=== WHAT THE TASK REQUIRES ===
The line holding "6月11日至13日,潍坊对虾" is the last one to output; start at the first line of the data, keep every line in between exactly, and leave out pictures.

=== MATERIAL PROVIDED ===
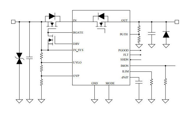 ♦ Adjustable UVLO, OVP cutoff, output slew rate control for inrush current limiting
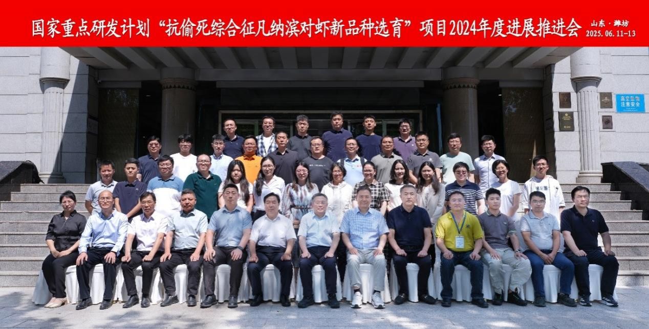 6月11日至13日,潍坊对虾种业创新研讨会暨国家重点研发计划“海洋农业与淡水渔业科技创新”专项项目“抗偷死综合征凡纳滨对虾新品种选育”2024年度项目工作进展推进会在山东省潍坊市召开。潍坊市海洋与渔业局局长李庆华,中国水产流通与加工协会副会长兼秘书长王雪光,中国海洋大学包振民院士、海南海壹水产种苗有限公司董事长王昌翰,江苏省海洋水产研究所万夕和研究员,广东省恒兴饲料实业股份有限公司水产种苗研究所所长陈奕彬,渤海水产股份有限公司总经理张小飞,信邦海洋生物科技有限公司文昌分公司副总经理胡绍令,山东恒兴种业科技有限公司执行董事兼总经理邓传燕,中国水产科学研究院观察员胡博旸(线上),中国水产科学研究院黄海水产研究所有关项目、课题负责人,项目骨干等100余人参会。
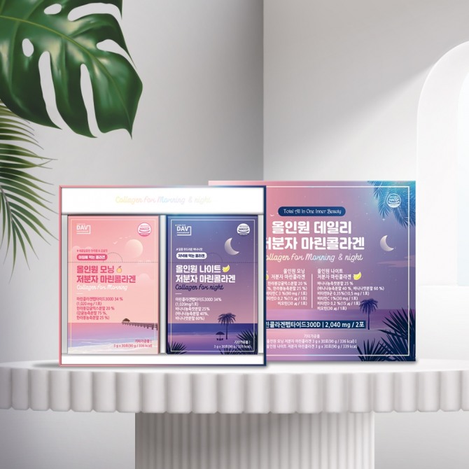 올인원 데일리 저분자 마린 콜라겐은 아침과 저녁에 섭취할 수 있도록 모닝 콜라겐과 나이트 콜라겐 2종으로 구성됐다.
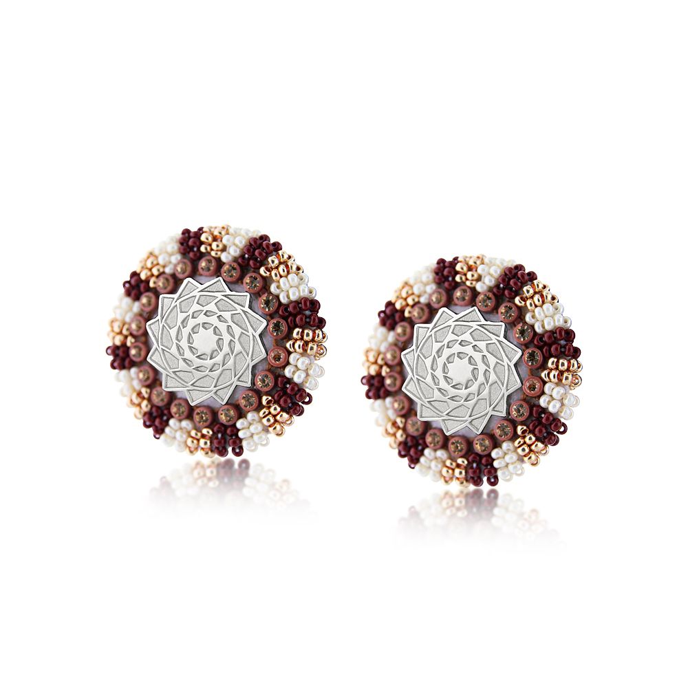 Beautiful Pinecone Patchwork Small Round Earrings Accented with Applique Style Beadwork.
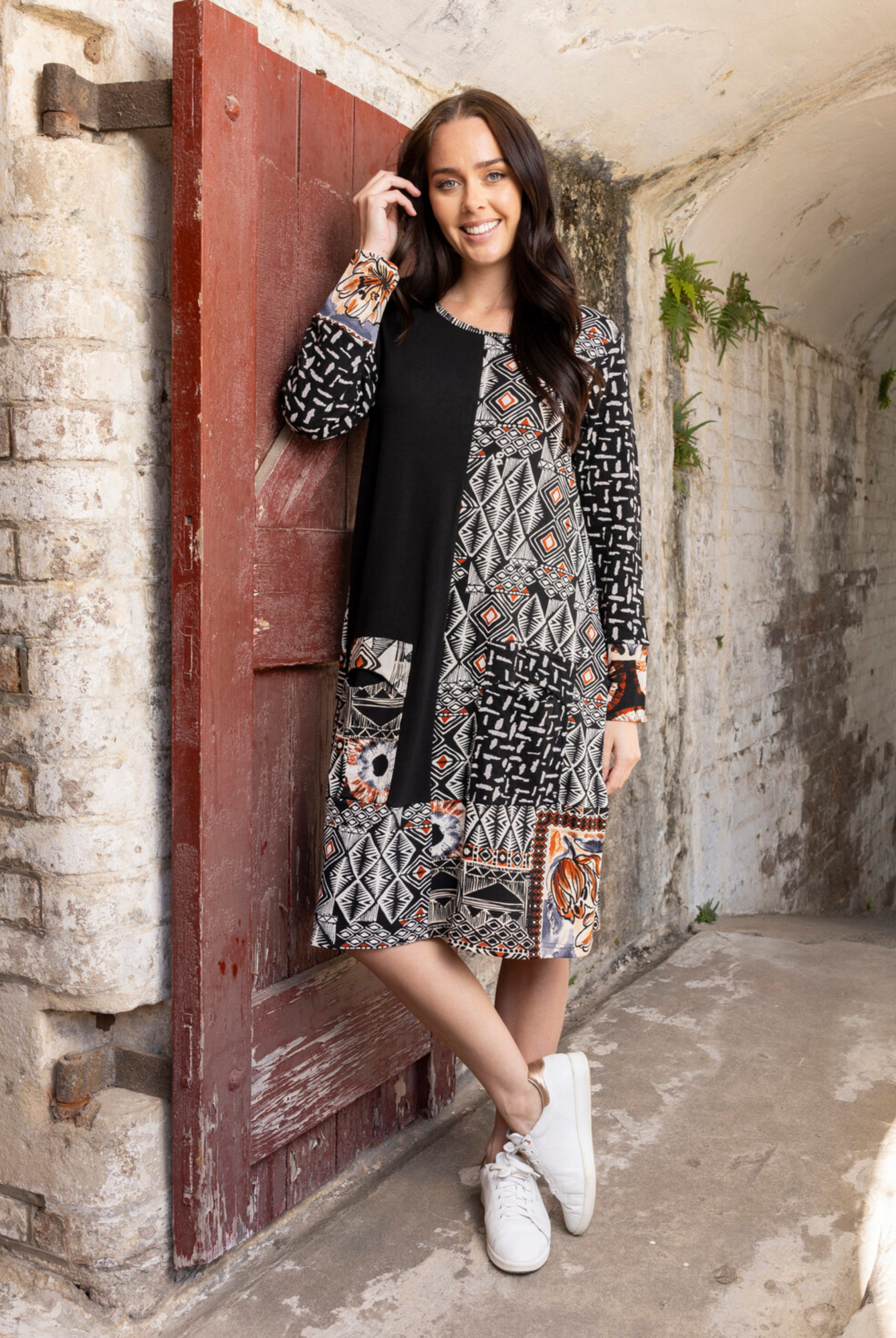 This Patch Shift Dress is the perfect blend of style and comfort. A relaxed silhouette, crew neckline, soft rayon cotton blend, fun prints, and pockets make this dress stylish, practical and comfortable.
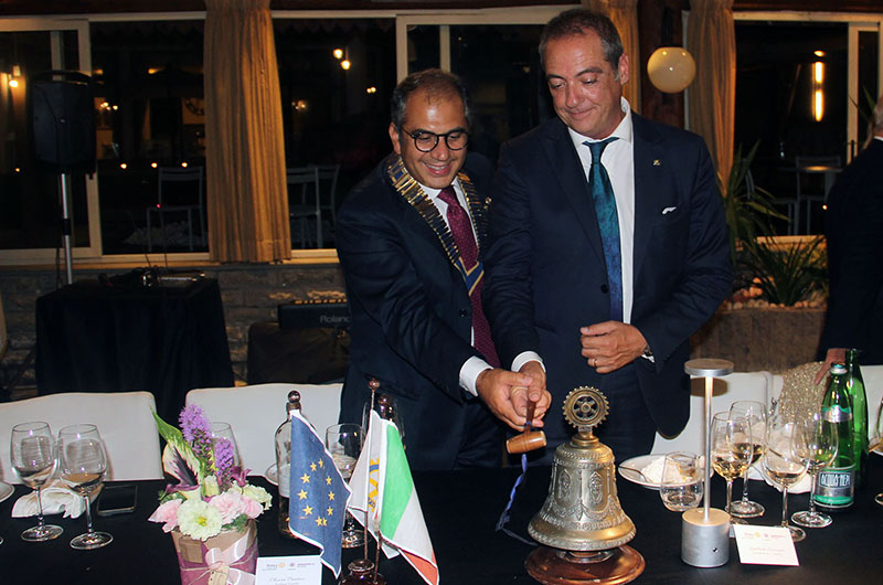 E’ il momento ufficiale, la presidenza di Lamberto Scorzino lascia il posto a quella di Angelo Landi, che riceve la spilletta e soprattutto il collare, tra gli applausi dei soci. “Grazie a Lamberto che ha portato il club a livelli internazionali con una forza centrifuga incredibile, grazie per il tuo grande lavoro – ha salutato da neo presidente -. Grazie ai soci per la fiducia, alla mia famiglia che si metterà a disposizione in questo importante anno per il percorso che faremo. ‘Creiamo speranza nel mondo’ è il motto di questo anno che si rifletterà sul tema della pace, al centro di tutte le nostre iniziative. Noi rotariani dobbiamo avere il giusto spirito di servizio a favore della comunità, verso cui convergiamo le nostre azioni ed iniziative. Dobbiamo per questo essere irresistibili, essere leader e non influencer senza, pertanto, alcuna ostinata ricerca della celebrità. Poiché – ha continuato il neo Presidente citando una celebre frase dalle favole di Esopo – ‘Per vincere non è necessario correre ma partire in tempo’, anticipo ai soci che, unitamente a tutto il direttivo, è stato già stilato il programma dell’intero anno rotariano, compresa la festa del nostro settantesimo anniversario di costituzione, per consentire di mettere già in agenda tutti gli incontri istituzionali a cui partecipare. Il primo appuntamento sarà per il prossimo 20 luglio, al fresco dei castagni, con la presentazione del calendario delle iniziative e dei progetti”.
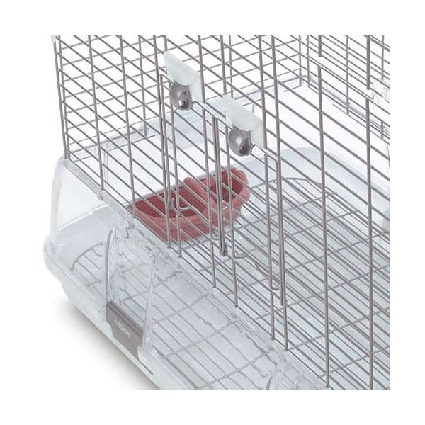 – Von außen zugängliche Futter- und Wassernäpfe und Vogelsitzstangen
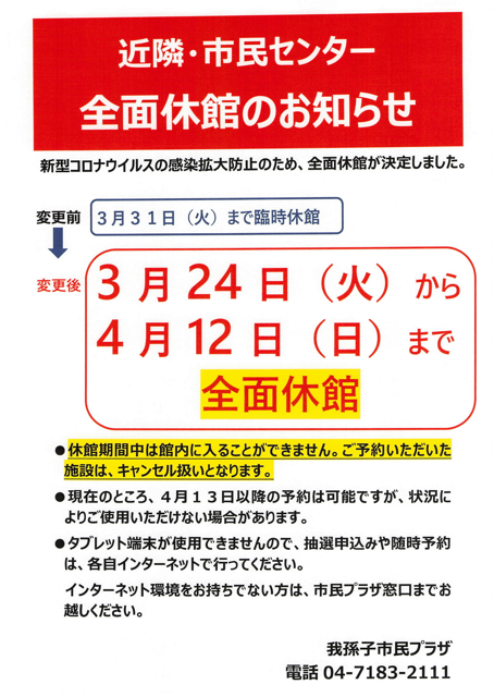 新型コロナウィルスの感染拡大防止のため、全面休館が決定しました。
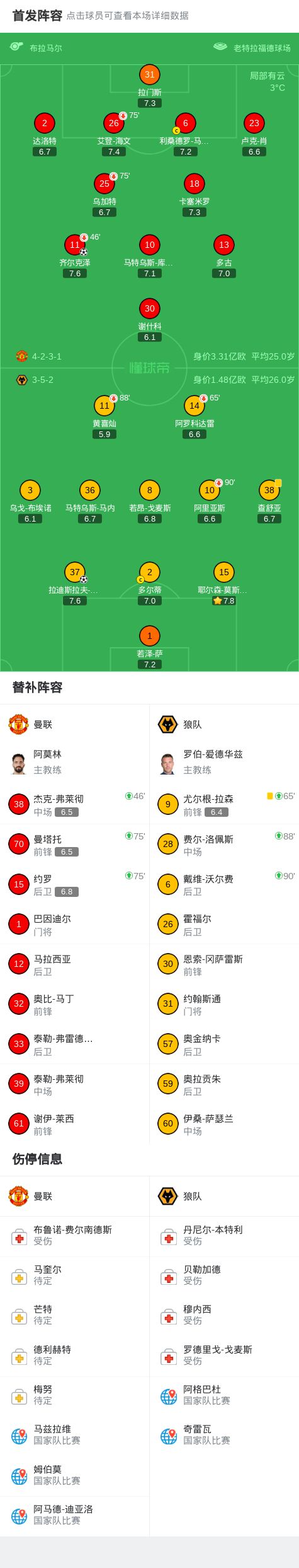 北京时间12月31日,英格兰足球超级联赛第19轮,曼联坐镇主场迎战狼队。上半场,艾登-海文抢断后齐尔克泽打门折射入网,谢什科头球攻门中柱,齐尔克泽乌龙助攻克雷伊奇头球破门扳平;下半场,莫斯克拉头球解围差点乌龙,克雷伊奇捅射被拉门斯扑救,谢什科打门被扑后多古补射破门被判越位进球无效。最终以1比1握手言和。
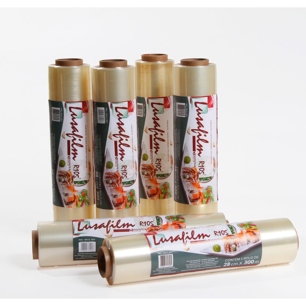 O Filme PVC Transparente com serrilha Lusafilm é a solução ideal para embalar alimentos com praticidade e segurança. Com dimensões de 28cm de largura por 300 metros de comprimento, embalado em uma caixa com sistema de corte fácil, torna-se ideal para embalagem de alimentos.
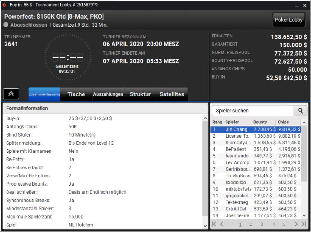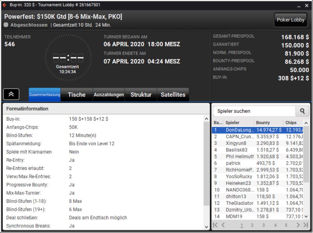 “DonDaLong” gewann beim $150K-Event und kassierte $12.193,42 + $14.974,24 in Bounties.
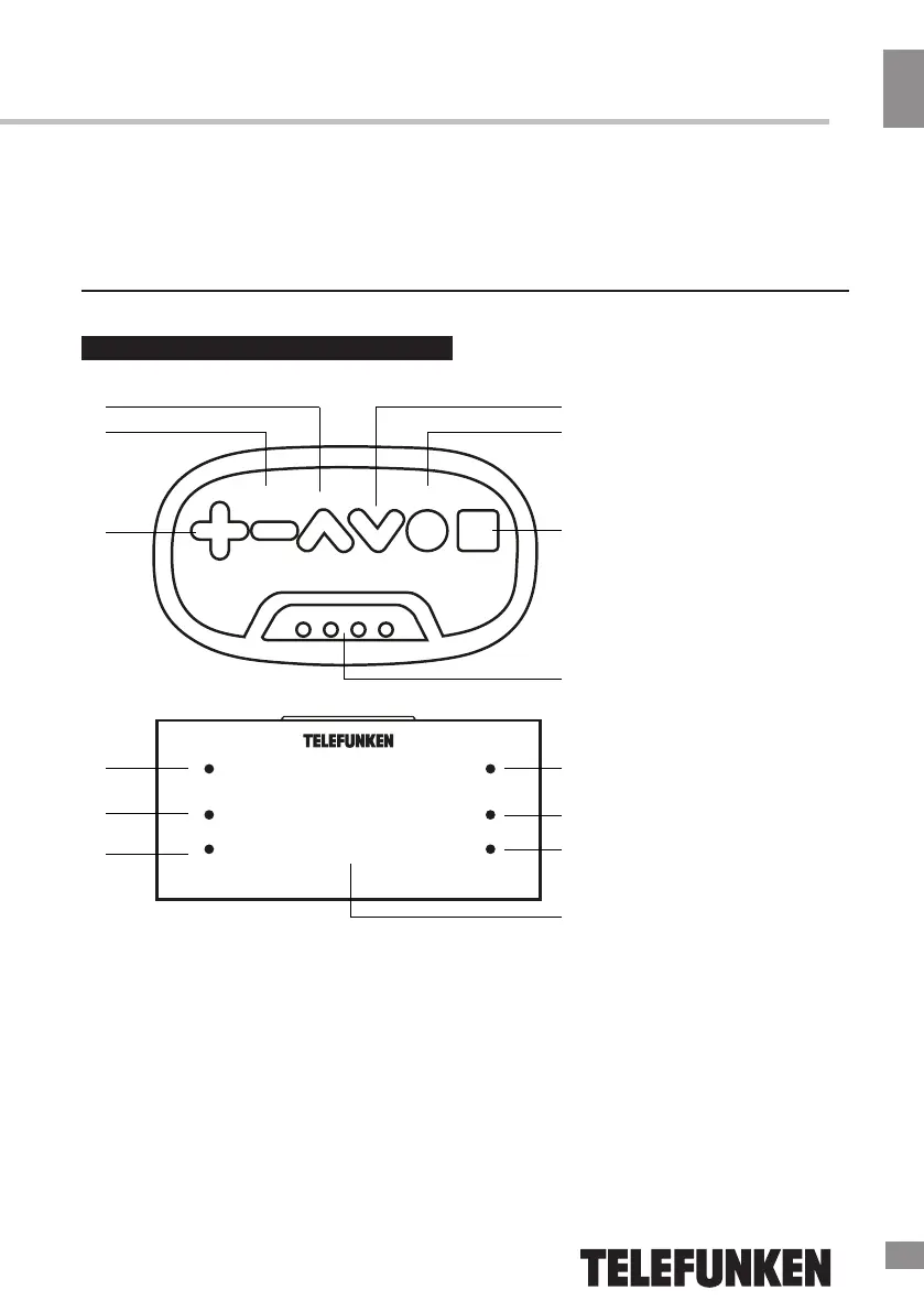 Not indicated: battery compartment (bottom), power cable (rear), FM wire antenna (rear).

=== OUTPUT FOR THIS TASK ===
 ♦ Adjustable UVLO, OVP cutoff, output slew rate control for inrush current limiting
 6月11日至13日,潍坊对虾种业创新研讨会暨国家重点研发计划“海洋农业与淡水渔业科技创新”专项项目“抗偷死综合征凡纳滨对虾新品种选育”2024年度项目工作进展推进会在山东省潍坊市召开。潍坊市海洋与渔业局局长李庆华,中国水产流通与加工协会副会长兼秘书长王雪光,中国海洋大学包振民院士、海南海壹水产种苗有限公司董事长王昌翰,江苏省海洋水产研究所万夕和研究员,广东省恒兴饲料实业股份有限公司水产种苗研究所所长陈奕彬,渤海水产股份有限公司总经理张小飞,信邦海洋生物科技有限公司文昌分公司副总经理胡绍令,山东恒兴种业科技有限公司执行董事兼总经理邓传燕,中国水产科学研究院观察员胡博旸(线上),中国水产科学研究院黄海水产研究所有关项目、课题负责人,项目骨干等100余人参会。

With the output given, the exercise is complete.